Düşünüp manasını anlamanız için Biz, onu Arapça bir Kur'an olarak indirdik.

(Yusuf 2)

Süleyman Ateş Meali:

Biz onu Arapça bir Kur'an olarak indirdik ki anlayasınız.

(Yusuf 2)

Süleymaniye Vakfı Meali:

Belki aklınızı kullanırsınız diye, biz bunu Arapça kümeler[1] şeklinde indirdik.

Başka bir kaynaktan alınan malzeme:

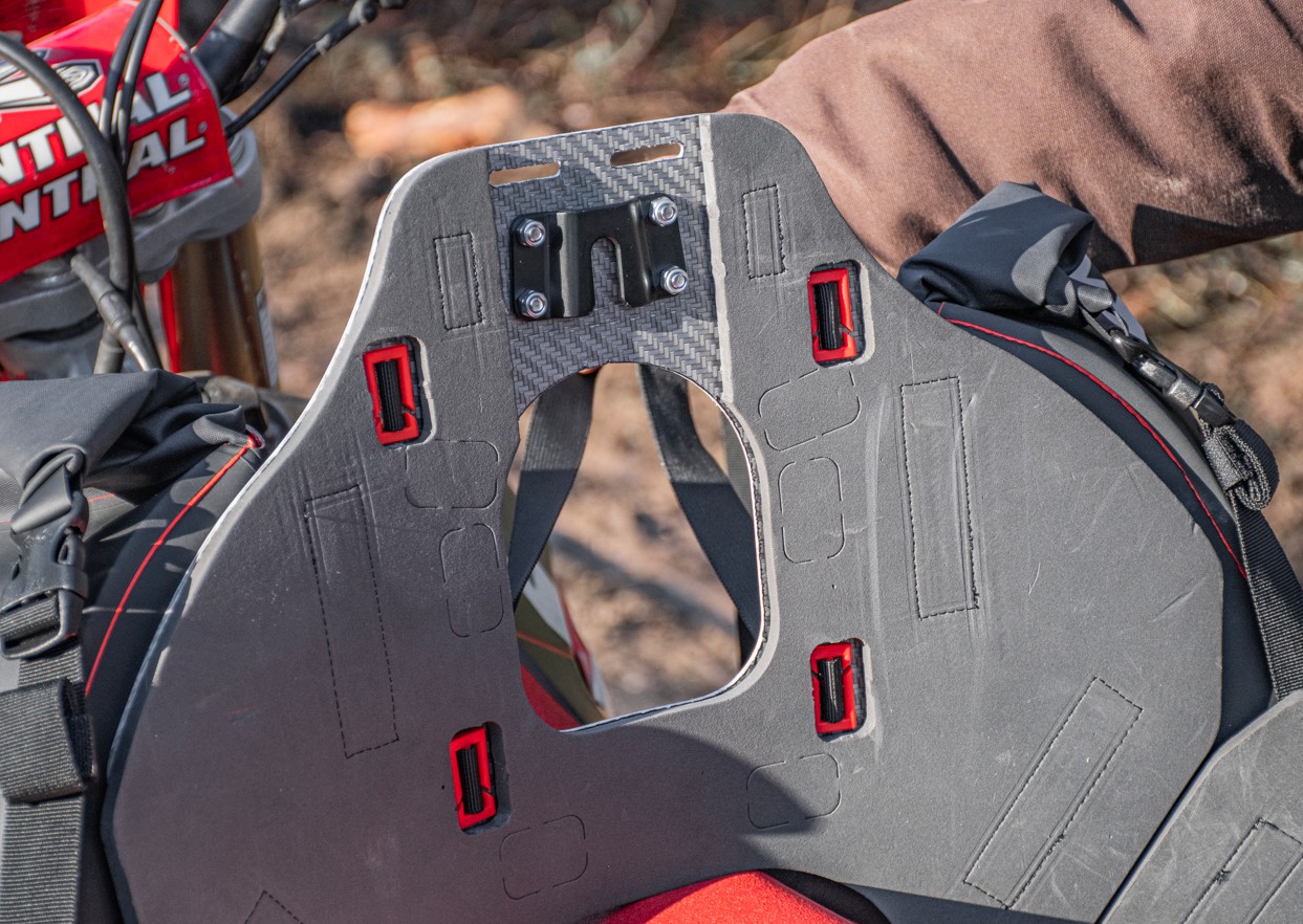 Le système se compose de deux éléments : une plaque de montage fixée directement au sac Hailstorm, et l’Anchor Point qui est boulonné sur le garde-boue arrière en plastique ou sur un porte-bagages / une plaque arrière. Toutes les vis et tous les écrous nécessaires au montage sont inclus. Une fois installé, le Hailstorm peut être monté et retiré à l’arrière en quelques secondes de manière sûre, fiable et avec une installation propre sur la moto.

1) قُرْآنً toplama anlamınadır. Bu kitabın anlamı Arap diliyle toparlanacak, kümeleştirilecek şekildedir.Detaylar için Bkz. Al-i İmran 3/7 ve dipnotu    

(Yusuf 2)

Şeref Aziz Taha ve Kemal Çelik Meali:

Onu,apaçık bir mesaj olarak indirdik ki anlayabilesiniz.

(Yusuf 2)

Şaban Piriş Meali:

Biz, onu anlayasınız diye Arapça Kur'an olarak indirdik.

(Yusuf 2)

Talat Koçyiğit Meali:

Biz onu iyice anlayasınız diye arapça bir Kur'ân olarak indirdik.

(Yusuf 2)

Tefhimul Kuran Meali:

Gerçekten biz, Arapça bir Kur'an olarak indirdik, Ona akıl erdirirsiniz diye.

(Yusuf 2)

Ümit Şimşek Meali:

Akıl edesiniz diye, Biz onu Arapça bir Kur'ân olarak indirdik.

(Yusuf 2)

Yaşar Nuri Öztürk Meali

Biz onu sana, aklınızı çalıştırasınız diye, Arapça bir Kur'an olarak indirdik.